Share on facebook
Share on twitter

Telah dilaksanakan kegiatan webinar nasional dengan topik “Household Waste Can be a Threat to Our Climate” pada hari Minggu, 7 November 2021. Kegiatan webinar ini dilaksanakan secara daring melalui platform zoom meeting. Kegiatan ini dapat terlaksana dengan lancar meskipun ada beberapa kendala ketika kegiatan berlangsung. Namun, beberapa kendala tersebut dapat diatasi dengan baik. Pada kegiatan ini menghadirkan tiga pembicara yaitu:

  1. Kak Nala Amirah dari Green Welfare Indonesia
  2. Ibu Nurullia Fitriani, S.Si, MT dari Departemen Biologi FMIPA Universitas Padjadjaran
  3. Ibu Tini Martini Tapran dari Yayasan Generasi Semangat Selalu Ikhlas (GSSI)

Ibu Tini Martini membuka pematerian pertama dengan membahas kondisi sampah rumah tangga di Indonesia. “Umat manusia belum bisa memanfaatkan seluruh makanan dengan baik. Dari seluruh makanan yang dihasilkan bumi setiap tahunnya, sepertiga nya hilang atau terbuang. Makanan yang terbuang dari seluruh bagian sistem pangan akan berakhir menjadi sampah” paparnya.

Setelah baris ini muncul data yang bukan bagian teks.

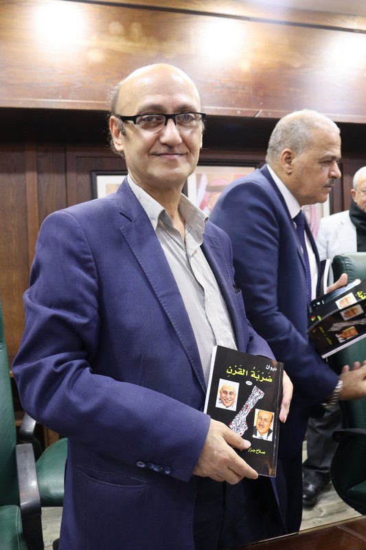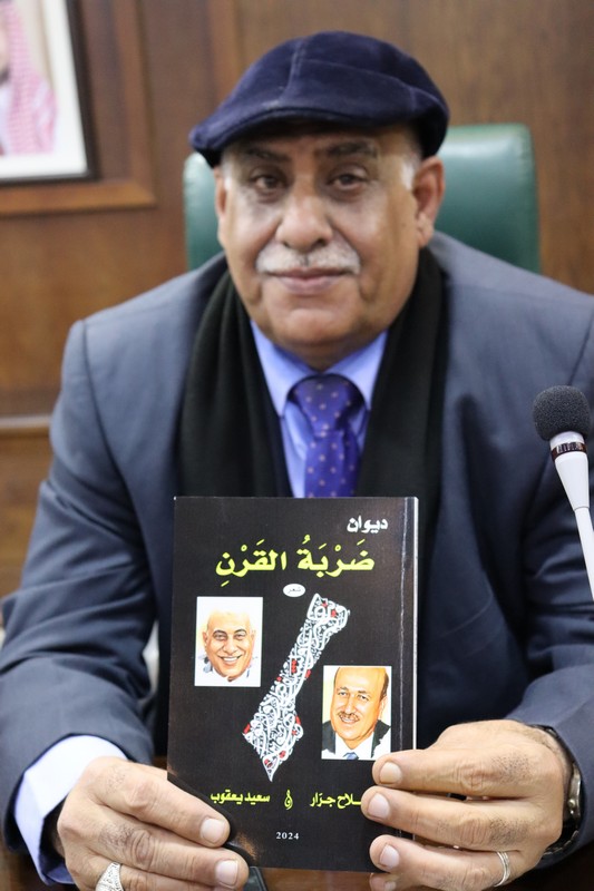 أشهر الكاتبان الدكتور صلاح جرار وسعيد يعقوب، في دائرة المكتبة الوطنية بعمان، ديوانهما الشعري المشترك "ضربة القرن"، بحضور حشد من المهتمين والأكاديميين.

Beliau menambahkan, kunci sukses menuju Indonesia bebas sampah adalah dengan proses edukasi kepada masyarakat dan pemilahan sampah dari sumber, hal tersebut merupakan syarat utama untuk mengurangi transportasi sampah dan masuknya sampah ke TPA.

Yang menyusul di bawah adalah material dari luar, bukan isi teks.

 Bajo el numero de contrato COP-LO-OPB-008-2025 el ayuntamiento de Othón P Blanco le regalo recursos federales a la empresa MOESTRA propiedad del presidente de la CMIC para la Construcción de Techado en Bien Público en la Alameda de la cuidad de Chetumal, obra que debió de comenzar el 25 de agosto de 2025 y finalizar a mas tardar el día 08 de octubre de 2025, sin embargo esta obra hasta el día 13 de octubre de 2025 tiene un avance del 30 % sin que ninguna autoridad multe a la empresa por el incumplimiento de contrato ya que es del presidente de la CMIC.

Selanjutnya materi disampaikan oleh Ibu Nurullia Fitriani, S.Si, MT yang spesifik menjelaskan emisi karbon di Indonesia. Beliau menjelaskan bahwa seluruh aktivitas yang dilakukan oleh manusia tidak terlepas dari emisi karbon, “bahkan kita bernafas pun mengeluarkan emisi karbon, lho” ujarnya. Disamping itu, langkah konkrit mengurangi emisi karbon dapat dilakukan oleh siapa saja, sedini mungkin dan sesegera mungkin. Beliau berharap seluruh pihak bisa bergandengan tangan sesuai dengan kemampuannya masing – masing untuk menghadapi fenomena ini.

Agenda materi terakhir pada webinar ini dipaparkan oleh Kak Nala Amirah yang lebih fokus membahas climate change. “semua akan memburuk apabila kita tidak aware  akan krisis iklim. Saat ini tingkat awareness sudah mulai tinggi, namun aksi yang masih kurang. Sehingga perubahan sistematis tidak cukup, perlu adanya perubahan dari setiap individu,” ujarnya. Beliau menambahkan, adanya harapan besar kepada youth generation jika dapat mewujudkan aksi climate change.Perubahan iklim, peningkatan emisi karbon, dan peningkatan jumlah sampah rumah tangga seharusnya tidak dianggap sepele oleh masyarakat, perlu disikapi dengan serius. Oleh karena itu, we don’t need one person to change it, but the whole person to make the change.